_Records provided_.
.....

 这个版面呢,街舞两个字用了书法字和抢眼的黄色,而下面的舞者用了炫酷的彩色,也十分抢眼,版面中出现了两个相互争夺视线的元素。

.....

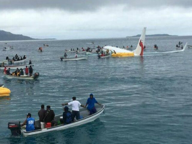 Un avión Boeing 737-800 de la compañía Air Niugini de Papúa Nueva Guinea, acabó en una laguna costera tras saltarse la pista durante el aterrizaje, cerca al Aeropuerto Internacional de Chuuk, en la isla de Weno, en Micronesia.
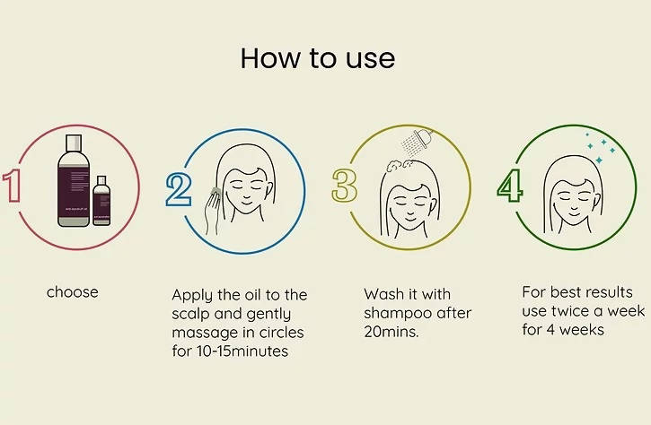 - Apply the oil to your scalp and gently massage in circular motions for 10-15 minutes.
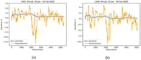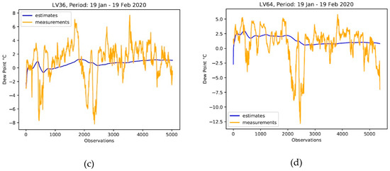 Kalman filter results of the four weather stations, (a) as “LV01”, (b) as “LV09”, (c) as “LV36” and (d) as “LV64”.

.....

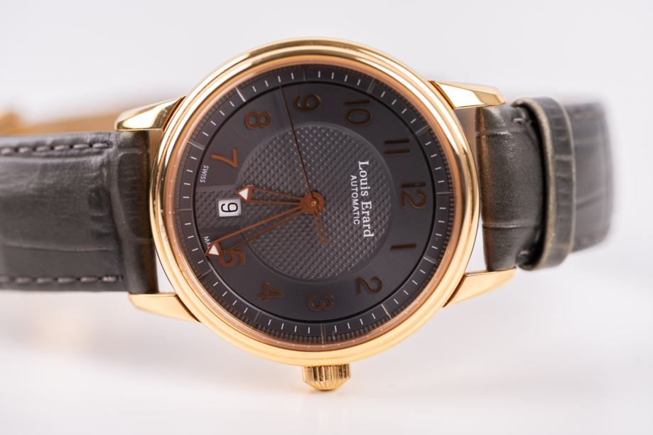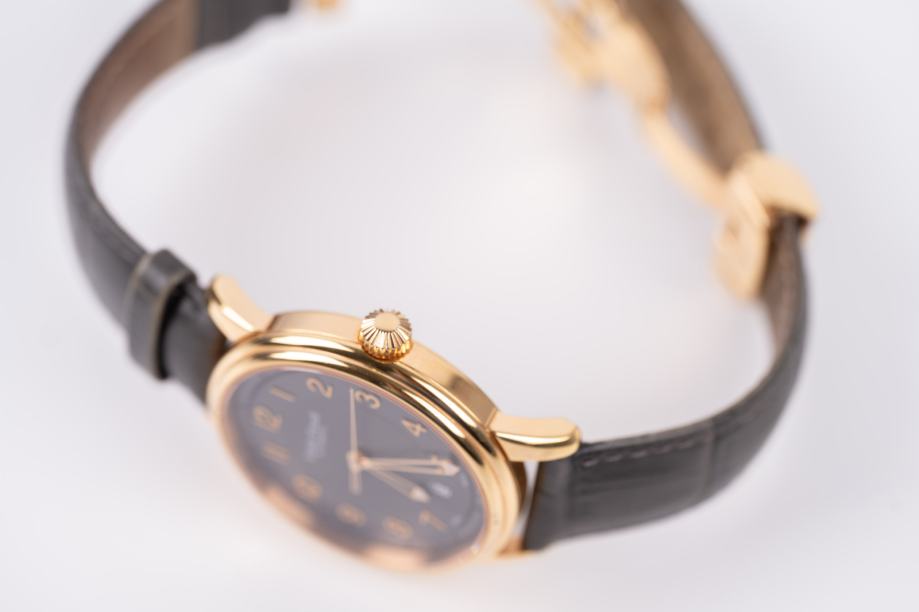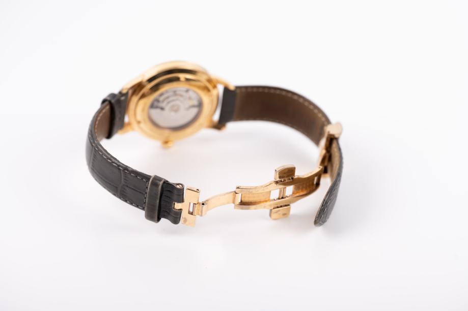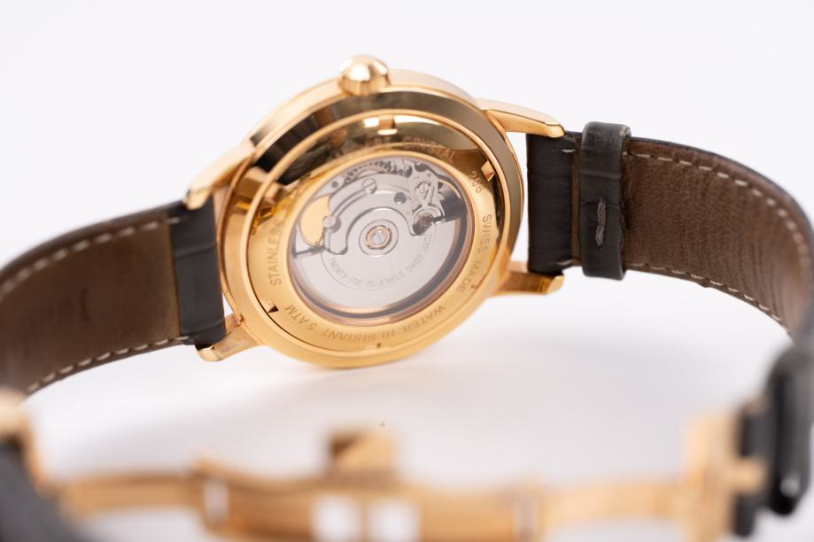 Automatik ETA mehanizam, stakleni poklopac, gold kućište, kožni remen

.....

_Task_. Using the data above, copy exactly the lines from the one containing "Un avión Boeing" to the one containing "Kalman filter results", inclusive. Exclude the pictures.

_Expected answer_.
 Un avión Boeing 737-800 de la compañía Air Niugini de Papúa Nueva Guinea, acabó en una laguna costera tras saltarse la pista durante el aterrizaje, cerca al Aeropuerto Internacional de Chuuk, en la isla de Weno, en Micronesia.
 - Apply the oil to your scalp and gently massage in circular motions for 10-15 minutes.
 Kalman filter results of the four weather stations, (a) as “LV01”, (b) as “LV09”, (c) as “LV36” and (d) as “LV64”.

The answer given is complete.